[[ Information shown open ]]
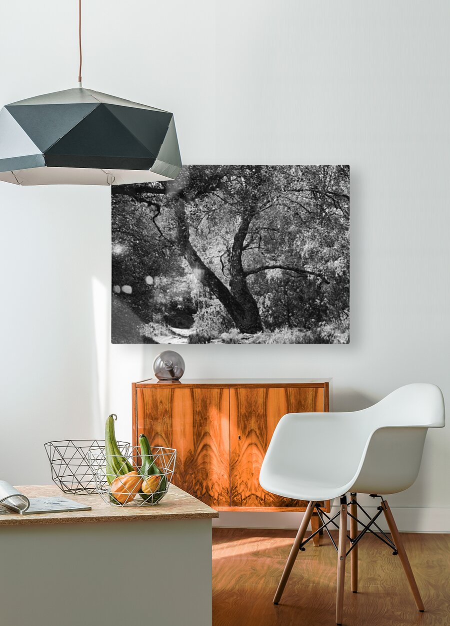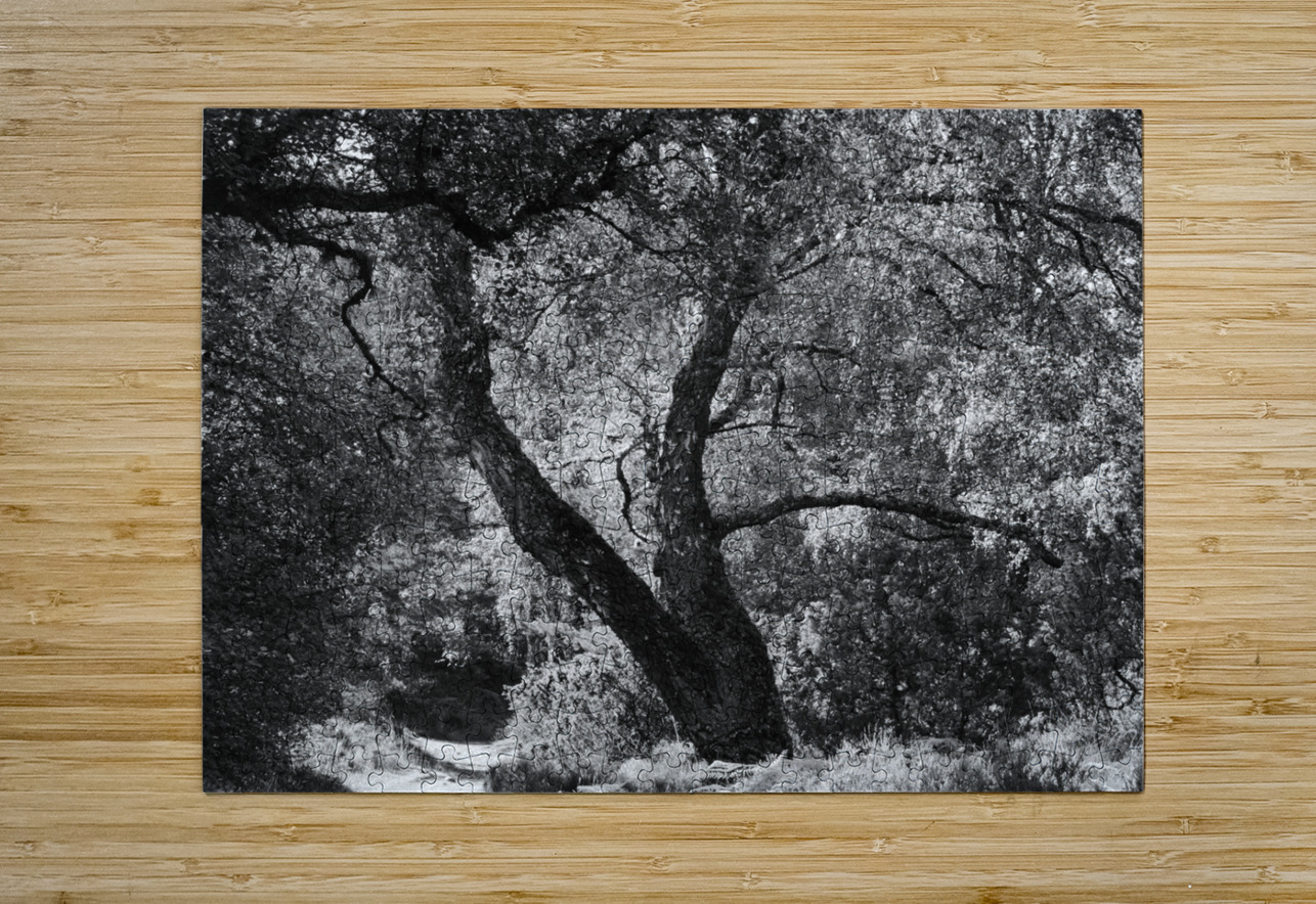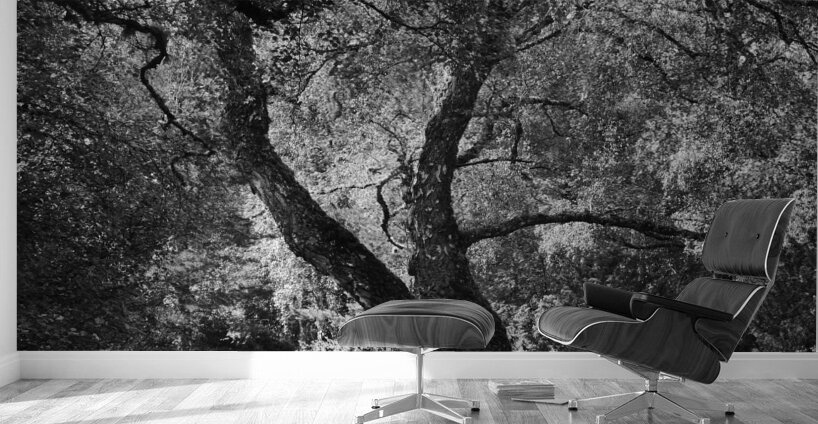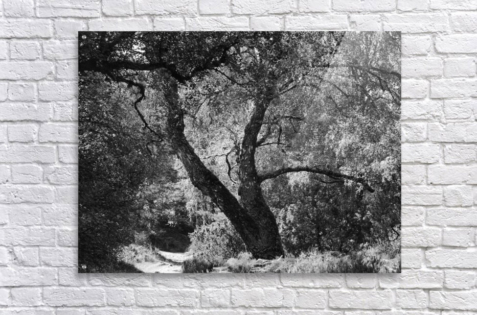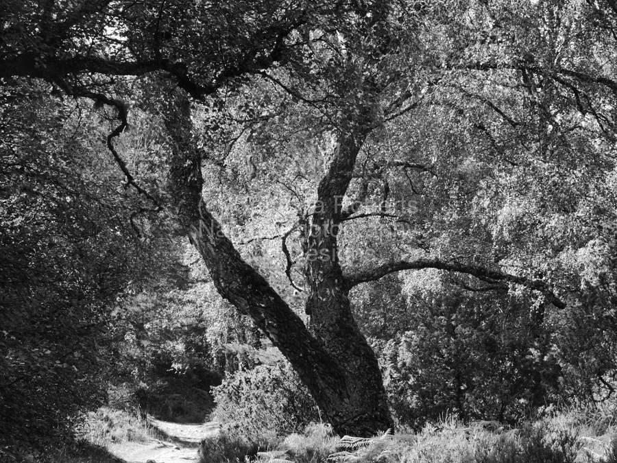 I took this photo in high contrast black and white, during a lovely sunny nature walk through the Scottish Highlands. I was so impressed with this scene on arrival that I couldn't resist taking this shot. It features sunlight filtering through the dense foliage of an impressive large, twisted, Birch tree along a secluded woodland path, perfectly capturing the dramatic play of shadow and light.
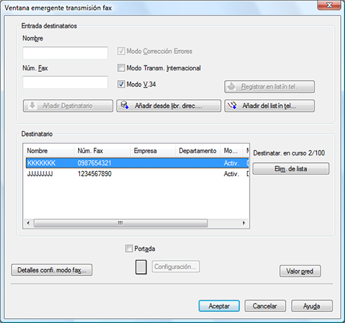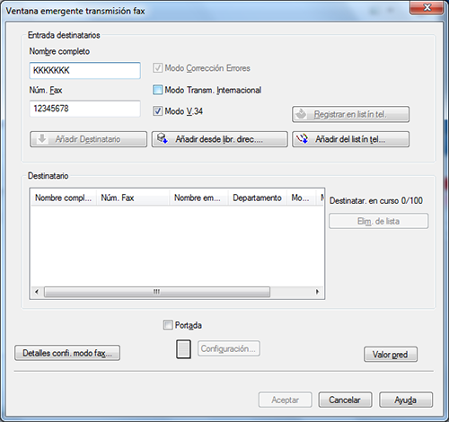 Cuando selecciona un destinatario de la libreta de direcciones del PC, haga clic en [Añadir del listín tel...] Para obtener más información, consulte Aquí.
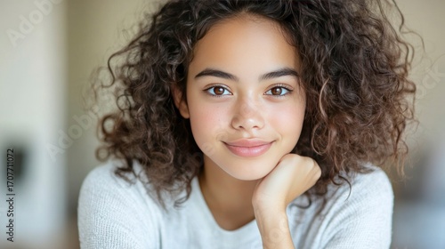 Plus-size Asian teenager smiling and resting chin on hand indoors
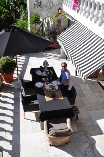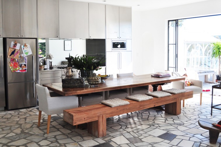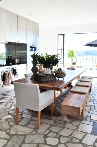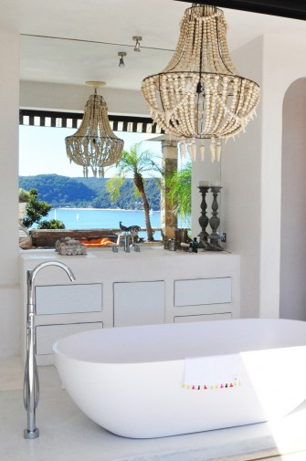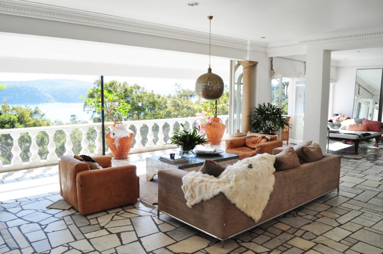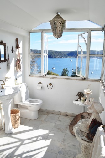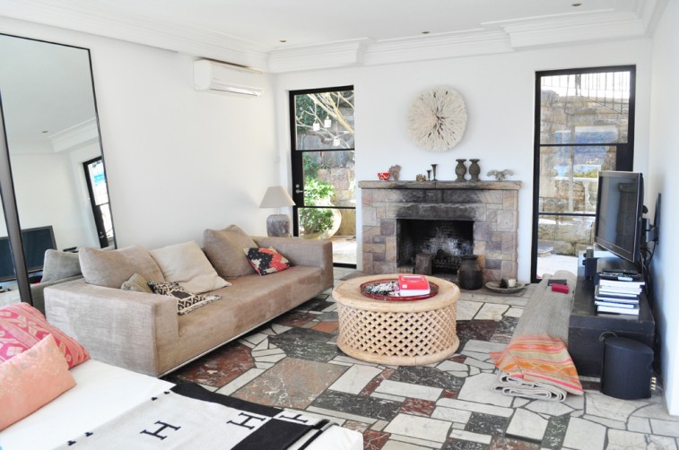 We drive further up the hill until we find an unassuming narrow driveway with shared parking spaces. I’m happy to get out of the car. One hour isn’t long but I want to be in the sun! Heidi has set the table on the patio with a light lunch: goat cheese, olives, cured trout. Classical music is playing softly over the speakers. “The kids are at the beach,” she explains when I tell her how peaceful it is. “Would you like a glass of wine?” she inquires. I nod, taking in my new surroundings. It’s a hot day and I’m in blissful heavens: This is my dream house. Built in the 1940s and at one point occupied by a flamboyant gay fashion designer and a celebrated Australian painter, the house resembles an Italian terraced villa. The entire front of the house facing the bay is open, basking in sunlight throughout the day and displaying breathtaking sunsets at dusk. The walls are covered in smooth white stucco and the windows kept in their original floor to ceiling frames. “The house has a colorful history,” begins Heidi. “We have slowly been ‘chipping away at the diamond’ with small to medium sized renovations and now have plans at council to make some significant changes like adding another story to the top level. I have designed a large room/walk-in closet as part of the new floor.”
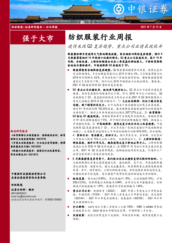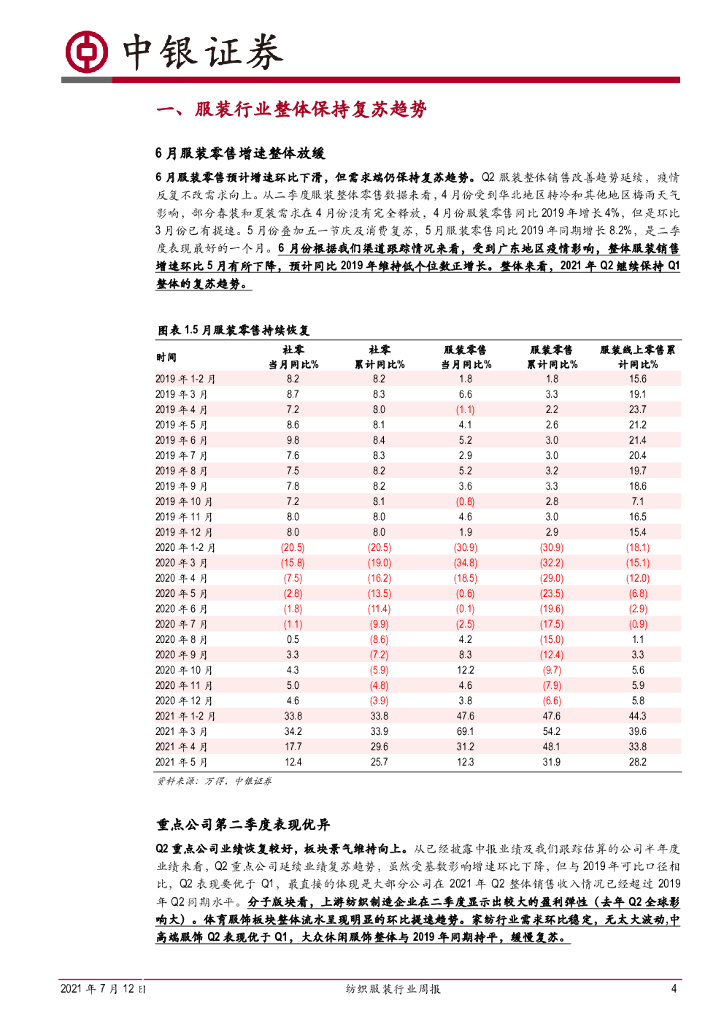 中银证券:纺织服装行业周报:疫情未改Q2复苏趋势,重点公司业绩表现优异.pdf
[[ Information shown closed ]]
What the task requires >> Write out the entries above in full and exactly; no pictures.

Reply to the exercise >>
 I took this photo in high contrast black and white, during a lovely sunny nature walk through the Scottish Highlands. I was so impressed with this scene on arrival that I couldn't resist taking this shot. It features sunlight filtering through the dense foliage of an impressive large, twisted, Birch tree along a secluded woodland path, perfectly capturing the dramatic play of shadow and light.
 Cuando selecciona un destinatario de la libreta de direcciones del PC, haga clic en [Añadir del listín tel...] Para obtener más información, consulte Aquí.
 Plus-size Asian teenager smiling and resting chin on hand indoors
 We drive further up the hill until we find an unassuming narrow driveway with shared parking spaces. I’m happy to get out of the car. One hour isn’t long but I want to be in the sun! Heidi has set the table on the patio with a light lunch: goat cheese, olives, cured trout. Classical music is playing softly over the speakers. “The kids are at the beach,” she explains when I tell her how peaceful it is. “Would you like a glass of wine?” she inquires. I nod, taking in my new surroundings. It’s a hot day and I’m in blissful heavens: This is my dream house. Built in the 1940s and at one point occupied by a flamboyant gay fashion designer and a celebrated Australian painter, the house resembles an Italian terraced villa. The entire front of the house facing the bay is open, basking in sunlight throughout the day and displaying breathtaking sunsets at dusk. The walls are covered in smooth white stucco and the windows kept in their original floor to ceiling frames. “The house has a colorful history,” begins Heidi. “We have slowly been ‘chipping away at the diamond’ with small to medium sized renovations and now have plans at council to make some significant changes like adding another story to the top level. I have designed a large room/walk-in closet as part of the new floor.”
 中银证券:纺织服装行业周报:疫情未改Q2复苏趋势,重点公司业绩表现优异.pdf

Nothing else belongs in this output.